= The Oxford Companion to the Book =

The Oxford Companion to the Book is a comprehensive reference work that covers the history and production of books from ancient to modern times. It is edited by Michael F. Suarez, SJ, and H. R. Woudhuysen, and published by Oxford University Press.

The Companion includes a series of introductory essays that provide an overview of the field of book history and production. These essays cover topics such as writing systems, the ancient and medieval book, book production, editorial theory and practice, and the economics of print. The Companion also includes 29 surveys of the history of the book in different regions of the world, including the Muslim world, Latin America, and Sub-Saharan Africa.

The main section of the Companion is an A–Z of over 5,000 entries, covering every aspect of the book, from brief definitions to more in-depth treatments. These entries cover traditional subjects such as bibliography, palaeography, and the history of printing, as well as newer disciplines such as the history of electronic books. The entries are linked by thorough cross-referencing and are organized using a classified index.
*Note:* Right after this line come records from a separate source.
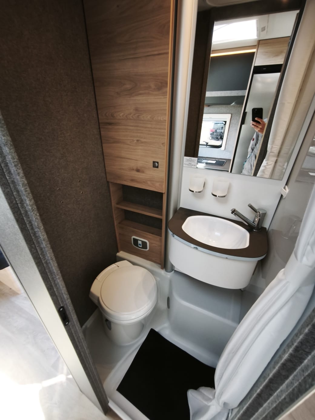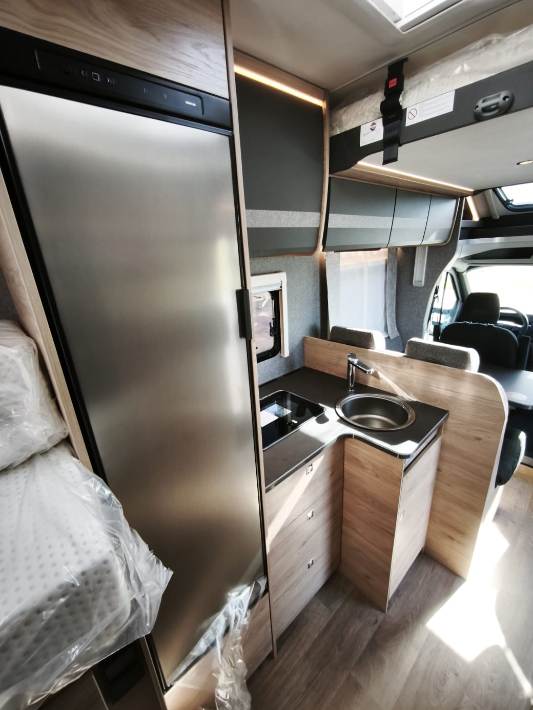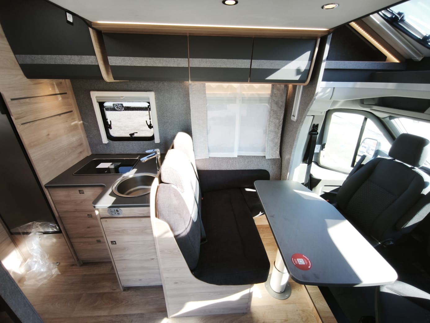 Equipamiento: Aire acondicionado, calefacción, agua caliente, refrigerador y freezer trivalente (220v, 12v o gas), cocina a gas, lavaplatos, baño con ducha, lavamanos y wc, cama basculante para 2 personas, comedor cama, pieza matrimonial con opción de separar en dos camas, amplia bodega, toldo retráctil manual, dos paneles solares 200W, batería de litio 200AH, inversor de corriente, estanque de agua potable: 115 litros y agua gris 95 litros.
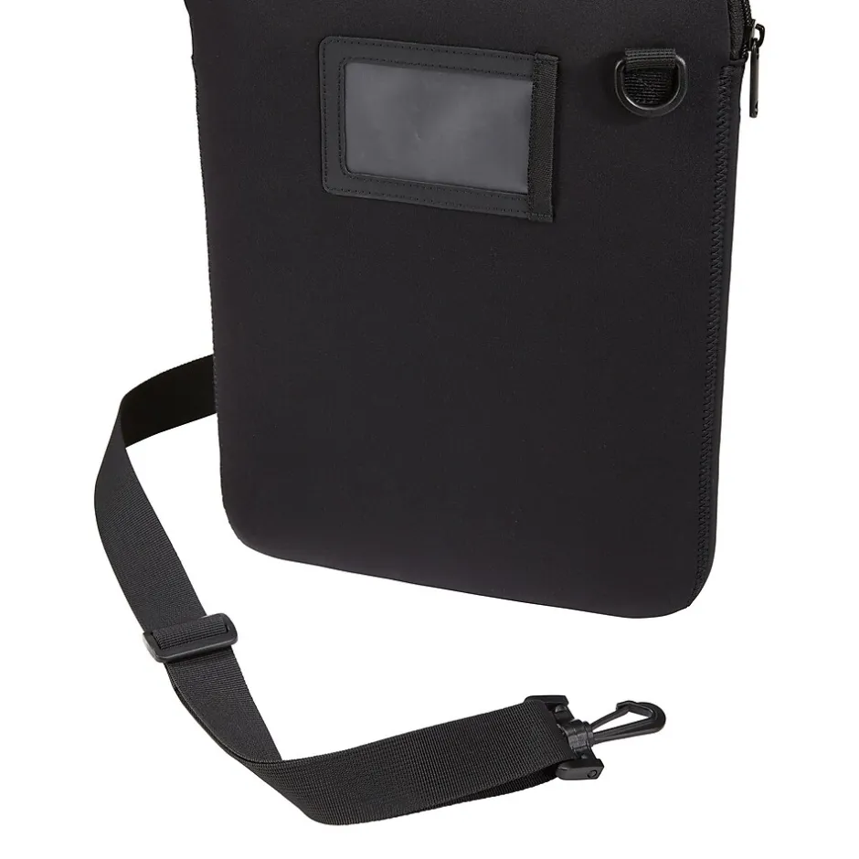 - Durable neoprene sleeve cushions and protects your laptop
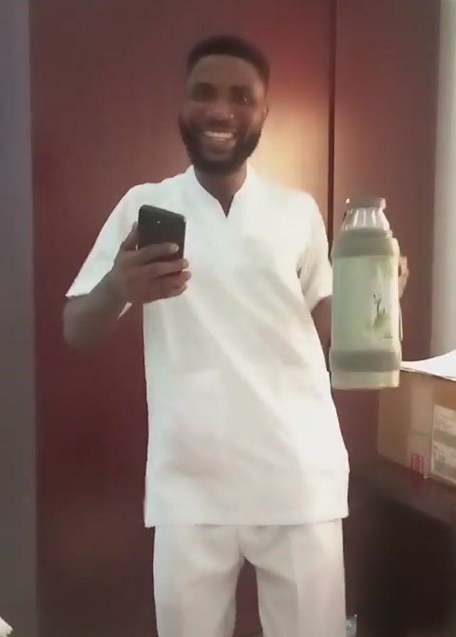 A man stands smiling in front of a closed brown wardrobe. He is wearing a white outfit with short sleeves and matching pants. He is holding a smartphone in one hand and a silver thermos with green accents in the other. The thermos appears full and slightly blurred due to movement. A cardboard box is visible on a shelf to his right. A white paper is stuck on the wardrobe. He appears to be posing and possibly recording a video.
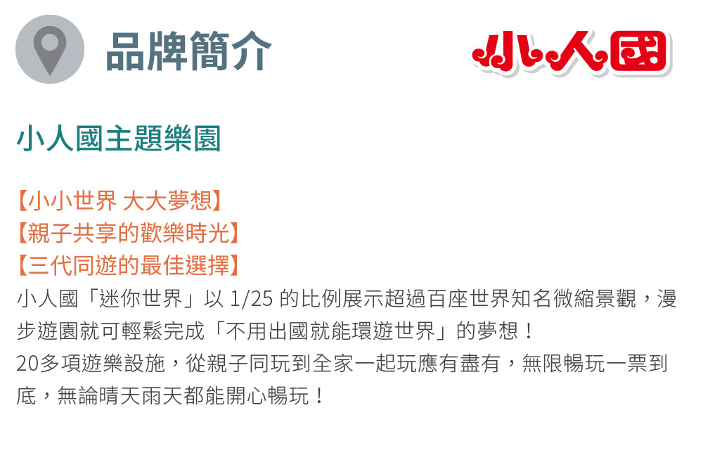 ◎若小人國現場推出短期促銷,票價優於本專案,您可選擇現場購票,兩者權益互不影響。已訂購但未使用票券,可取消訂單,不影響您的權益
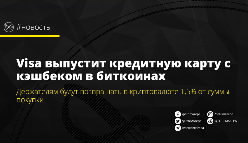 Visa выпустит кредитную карту с кэшбеком в биткоинах

The text is illustrated with reproductions, diagrams, and examples of various typographical features.

The Oxford Companion to the Book was written by 400 of the world's leading scholars in bibliography and book history. It is the only reference work of its kind in the field, and has been praised as a "monumental achievement" by Choice.

== Contents ==
The Companion covers a wide range of topics related to the materiality of written text and print, with a particular focus on the history of early, pre-Gutenberg print and text.

One of the standout features of the Companion is its coverage of the evolution of writing traditions across time and space. The first essay by Andrew Robinson provides an in-depth exploration of this topic, making it an excellent resource for those interested in the history of the book.

The Companion also sheds light on the oral traditions that have played a central role in the development of many religious texts, such as the Rig Veda. The book explains that the oral recitation of these sacred formulas is seen as a way to spiritually unite higher deities with mortals, and is an important part of Hindu rituals.

The main part of the first volume of the Companion is made up of extended pieces that provide valuable context for understanding the worldwide history of the book. Many of these pieces build on recent scholarly research on the spread of print and reading in the English-speaking world, such as the multivolume histories of the book in America, Britain, Canada, Australia, and Scotland.

The Companion also includes entries on the book in less well-known national histories, such as the Balkans, Korea, Japan, Southeast Asia, and the Nordic countries. This makes it an important resource for those interested in the global history of the book, and helps to give non-Western traditions their rightful place in this story.

The editors have indeed decided to retain a maximalist definition of the book and to embrace the whole of its history, under all its facets. On the one hand, no geographical limits are applied to the notion of book, which is extended to Aztec codices as well as to Chinese texts.

On the other hand, the will is to treat all the aspects of it, that they are cultural, social, economic or technical. This editorial choice is reflected in the encyclopedic part of the work, which occupies the last third of the first volume and the whole of the second. It contains a series of entries ranging from a few lines to a full page or more. They deal with publishers, libraries and librarians, collectors, researchers, technical terms in publishing or book history, important books and projects, concepts, and various associations related to the book.